Berne, Suisse Août 1906

— Vous cherchez quelque chose ?

Mathias mit un instant à comprendre qu’il fixait toujours la dame assise sur le banc. Elle l’observait du coin de l’œil, vraisemblablement mal à l’aise. Il cligna plusieurs fois des yeux puis, sans même prendre la peine de s’excuser, il se leva et partit d’un pas rapide en sens inverse d’où il était venu.

Il avait l’étrange impression de glisser, de flotter au-dessus du pavé sans réellement le sentir sous ses pieds. Les bruits ambiants sonnaient étouffés, lointains. Il traversa ainsi une rue, puis une autre qui débouchait sur une grande allée. Après quelques enjambées, il se retrouva finalement près d’une bâtisse à l’allure familière : le magasin de Grégoire. Par la porte vitrée, il vit son ami occuper presque tout l’espace derrière le comptoir et proposer une boîte de tabac à un client. Au bout d’un moment, Grégoire tourna la tête et ses yeux s’agrandirent lorsqu’il aperçut Mathias. Il serra la main de l’homme auquel il remettait de la monnaie et vint tout de suite ouvrir la porte.
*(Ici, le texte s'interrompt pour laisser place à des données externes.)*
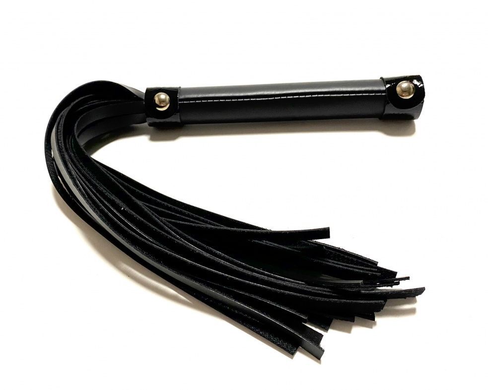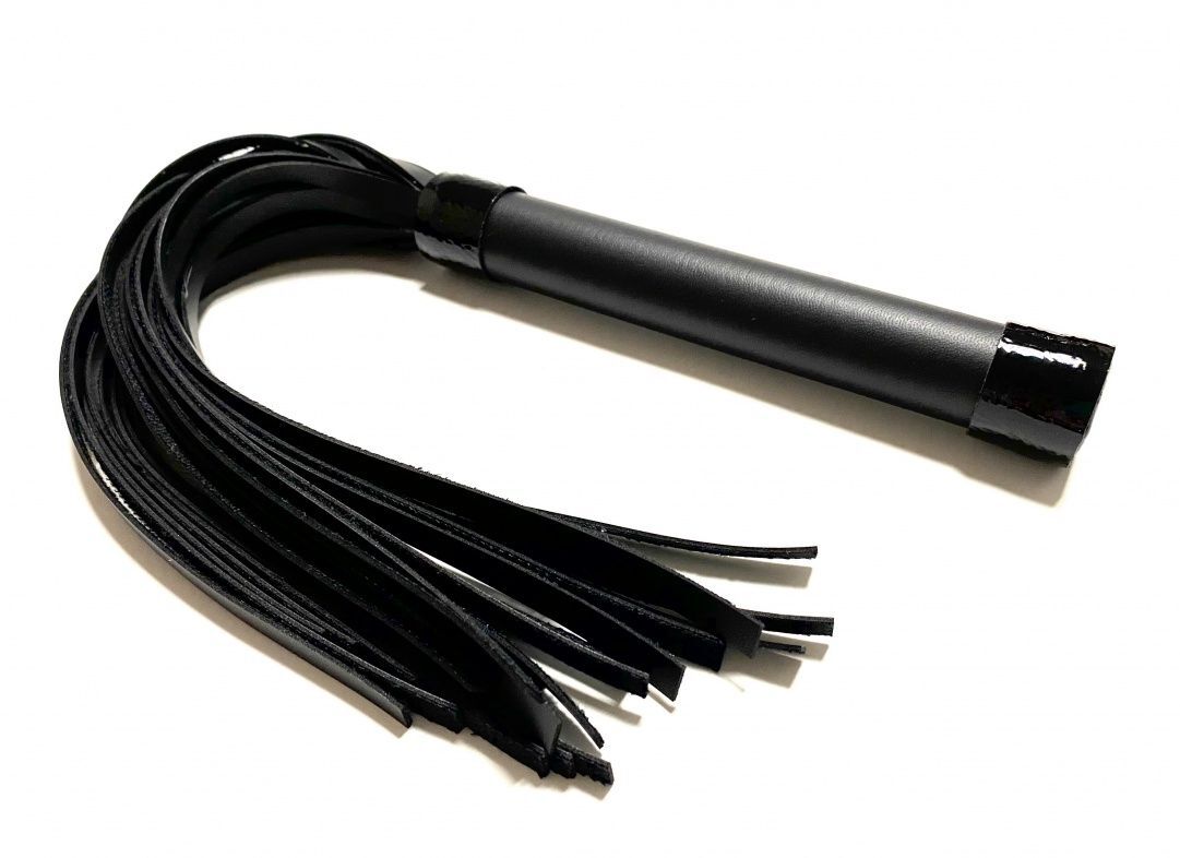 Стильная лаконичная плеть, выполненная из чёрной матовой эко-кожи. Рукоятка декорирована лаковыми полосками. Эта плеть поможет разнообразить вашу БДСМ игру и подарит новые ощущения. Экономичный, экологичный и красивый аксессуар!

— Mathias ! Mais pourquoi tu restes dehors comme ça ? Allez, entre ! T’as trouvé la librairie dont je t’avais parlé ?

Il s’arrêta pour l’observer, les sourcils froncés, puis le guida vers une chaise tout près du comptoir.

— Ça va pas ? T’as la tête d’un gars qui a vu un revenant… — Oh, ce n’est rien.